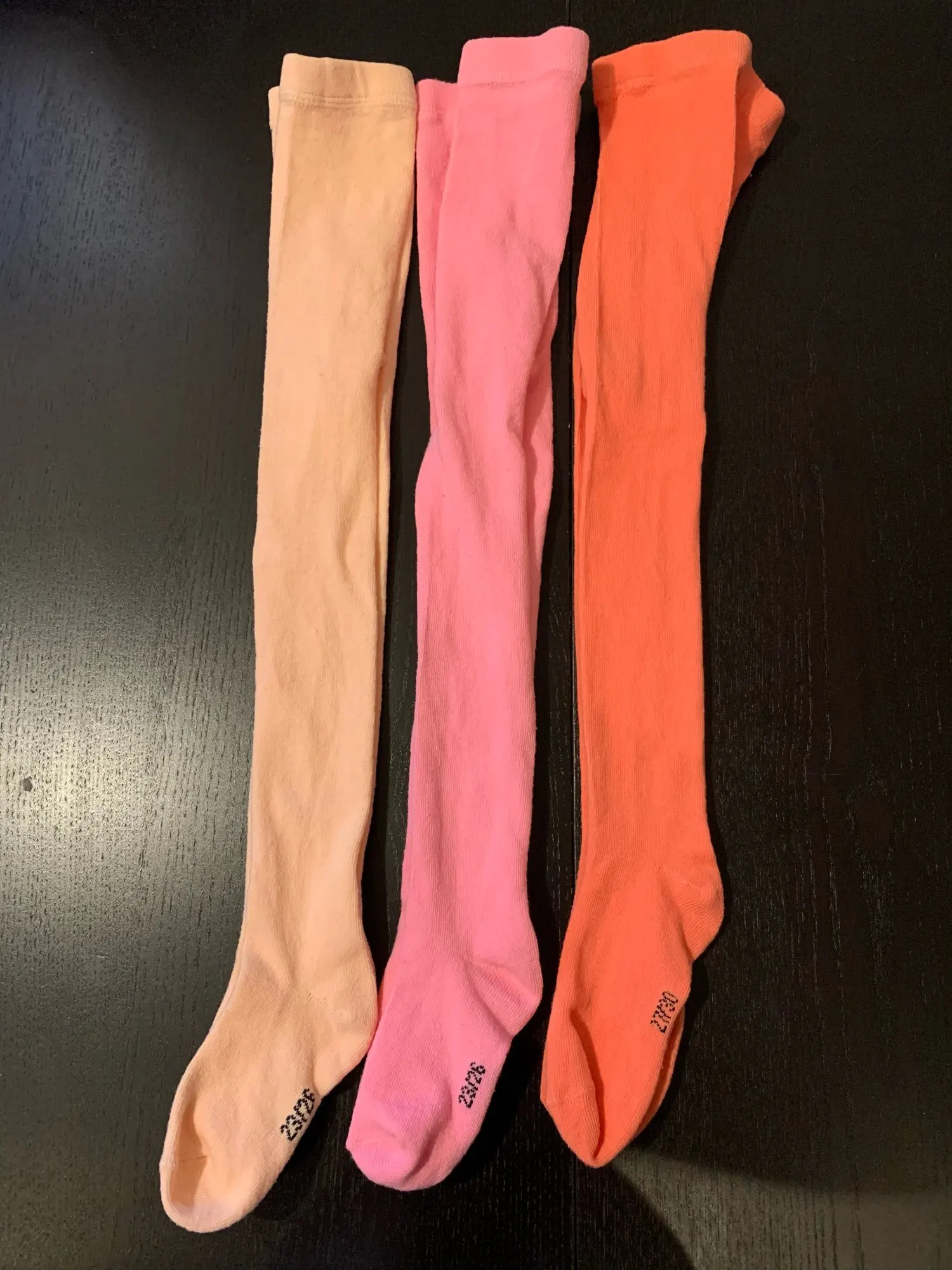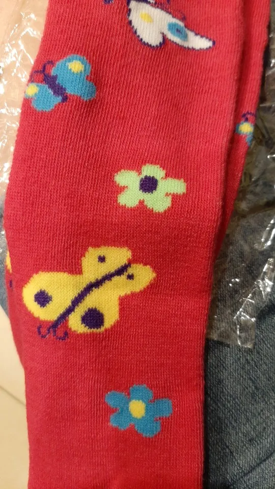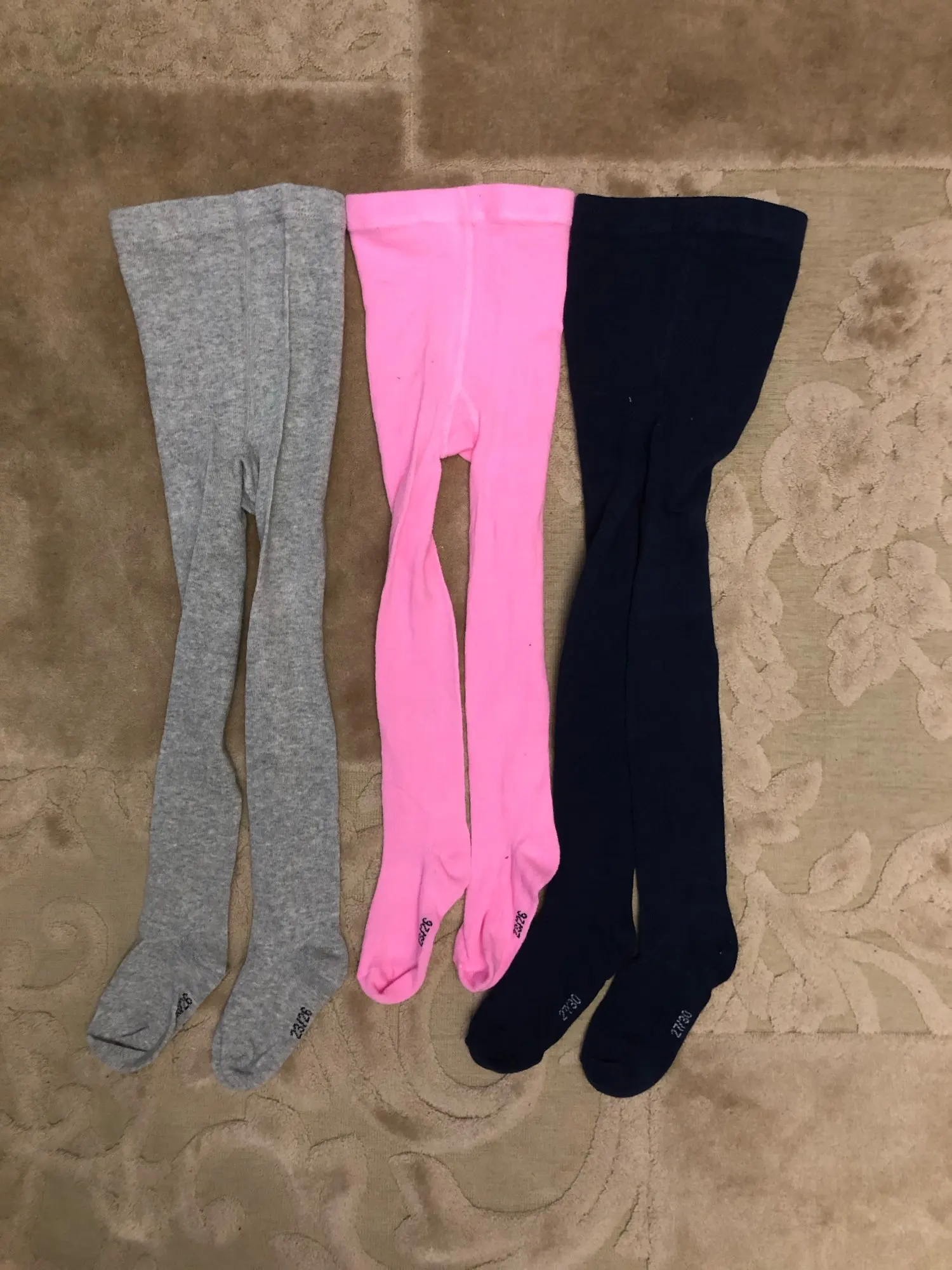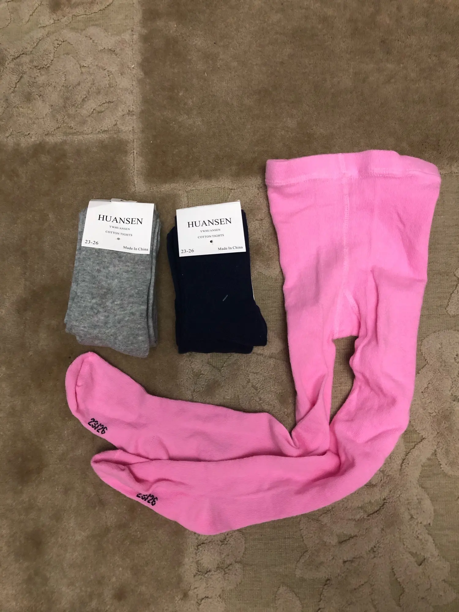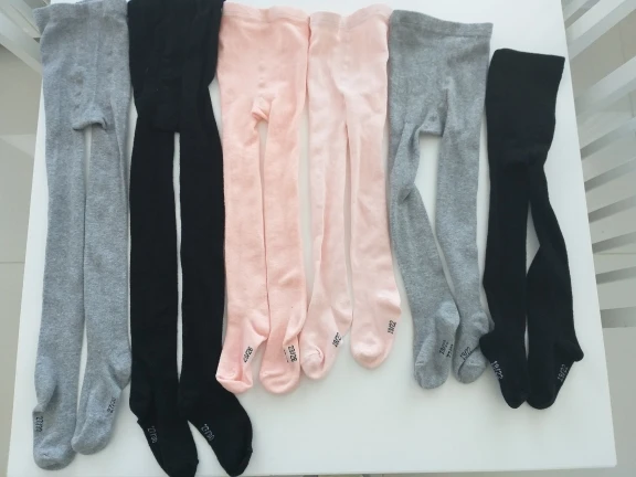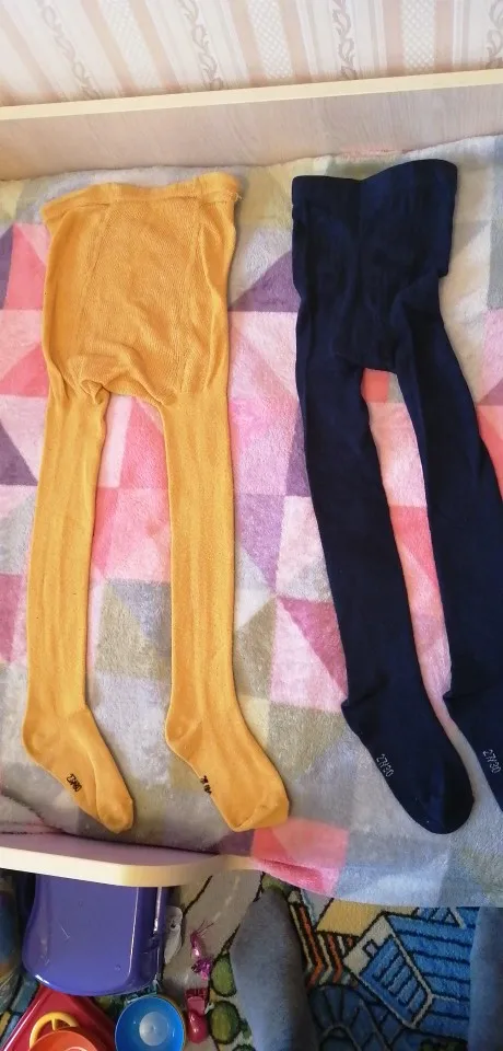 Заказала 3 пары колготок для дочки. Размер М. Качество хорошее. На розовых была маленькая дырочка. Размер на упаковке написан 23-26. На розовых и серых колготках на стопе тоже написано 23-26. А на синих 27-30. Ну и по фото видно, какой длины все колготки. Главное, что колготки не маленькие на дочь, а синие так и большие. Рост у дочки 94 см.
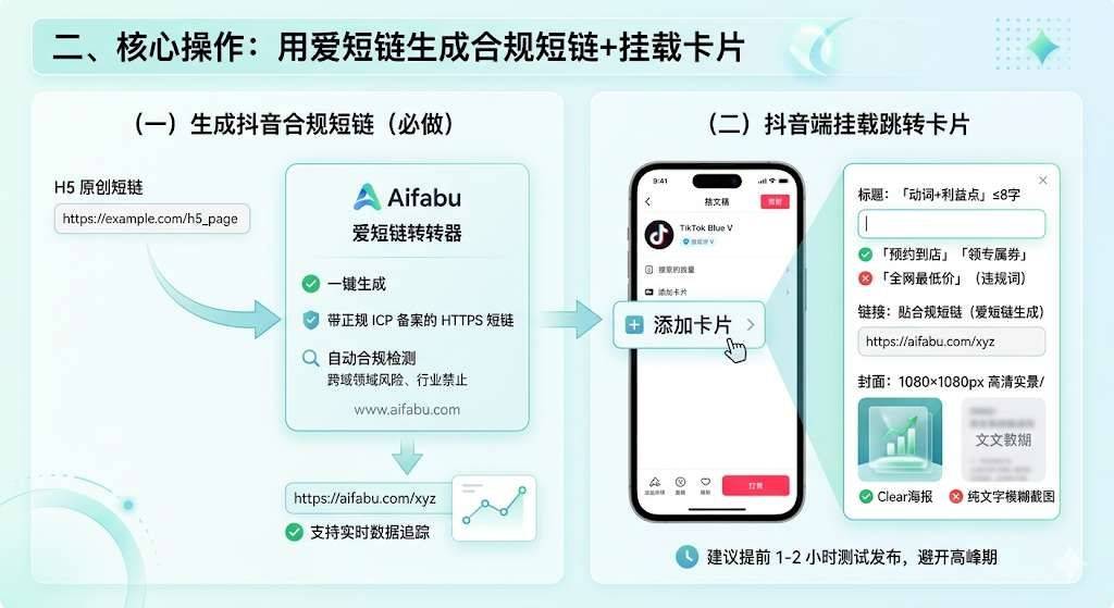 做抖音蓝V的你是不是愁死了?想引流到外部H5,要么跳转卡片挂不上、审核被拒,要么挂上了点击率低、转化差? 别慌,这篇攻略从权限开通、合规短链生成到卡片挂载全流程拆解,依托爱短链搞定合规痛点,帮你把抖音流量高效导入H5!
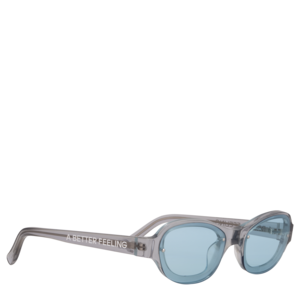 A BETTER FEELING is a product-based company focused on functional design that provokes happiness, with the initial offering as eyewear. Created in London in 2018 by Cairo-born Xander Ghost, A BETTER FEELING is driven by the principle of achieving connection, dedicated to creating synergy between product and person through a symbiotic visual identity and material language. SKYE is an acetate frame with flush lenses embedded within the frame. Each lens is attached with two stainless steel screws for a minimal finish. The temples are laser-engraved with the A BETTER FEELING logo2. Featuring lenses with 100% UV protection.. Composition: Smoke grey acetate frame, cloud blue nylon lenses Dimensions: Frame width: 122.2mm; temple length: 141.0mm
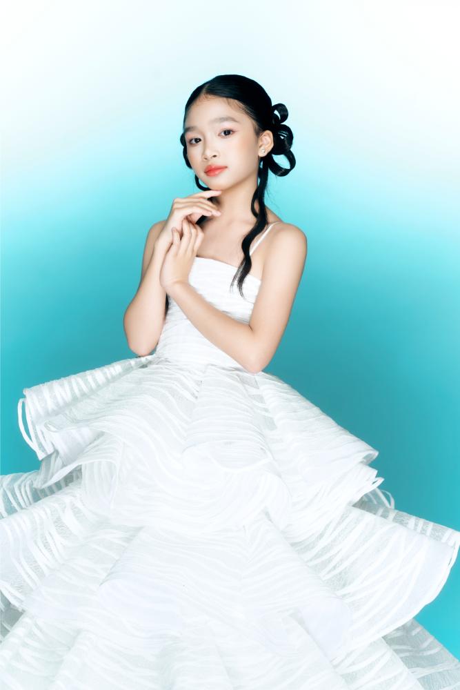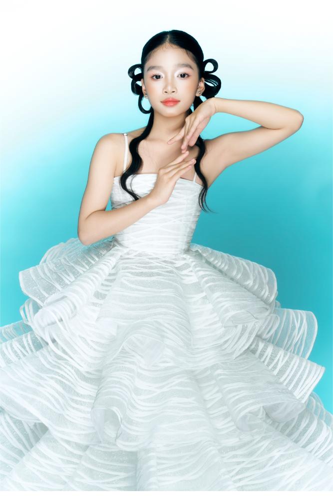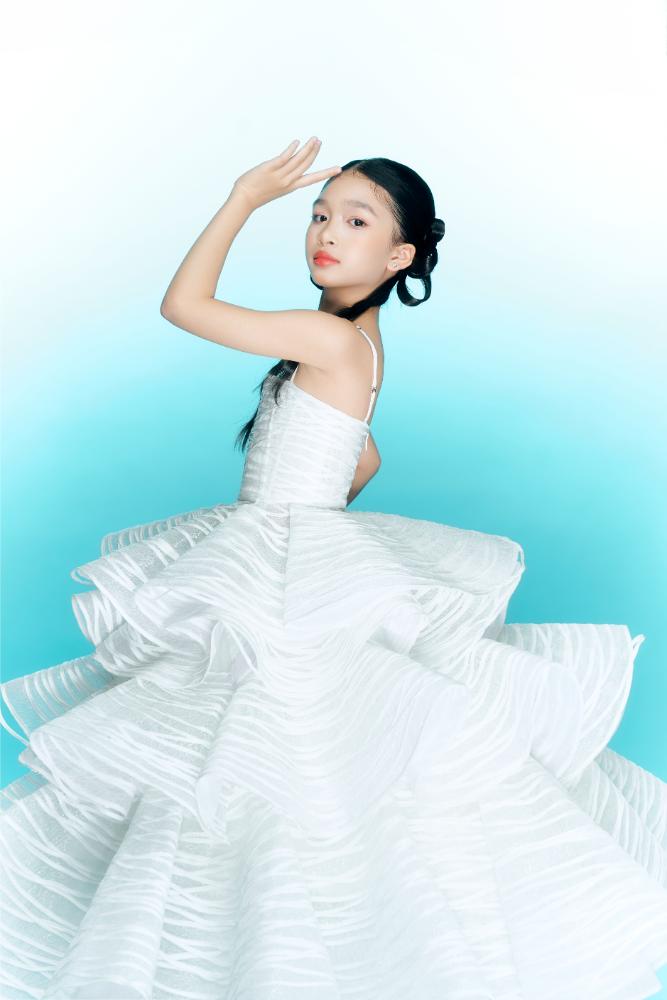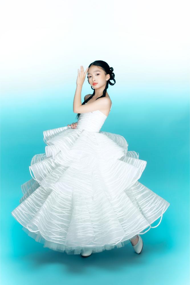 Trái lại, thiết kế bánh rế lại mang tinh thần nhẹ nhàng, thanh khiết. Váy được thực hiện với gam trắng trong, trắng sữa pha ánh ngọc, phom dáng xếp tầng mềm mại. Những đường vân gợn mảnh trên bề mặt vải gợi liên tưởng đến các sợi bánh rế mỏng, giòn, được đan đều tay. Khi Ruby Tâm Nhi di chuyển, từng lớp váy khẽ lay động tạo cảm giác bay bổng, trong trẻo đúng với lứa tuổi.
* * * * * * *
Copy back, word for word, every line between the top of the material above and the line that contains "做抖音蓝V的你是不是愁死了?", both included, without any pictures.

* EXERCISE RESULT
 Заказала 3 пары колготок для дочки. Размер М. Качество хорошее. На розовых была маленькая дырочка. Размер на упаковке написан 23-26. На розовых и серых колготках на стопе тоже написано 23-26. А на синих 27-30. Ну и по фото видно, какой длины все колготки. Главное, что колготки не маленькие на дочь, а синие так и большие. Рост у дочки 94 см.
 做抖音蓝V的你是不是愁死了?想引流到外部H5,要么跳转卡片挂不上、审核被拒,要么挂上了点击率低、转化差? 别慌,这篇攻略从权限开通、合规短链生成到卡片挂载全流程拆解,依托爱短链搞定合规痛点,帮你把抖音流量高效导入H5!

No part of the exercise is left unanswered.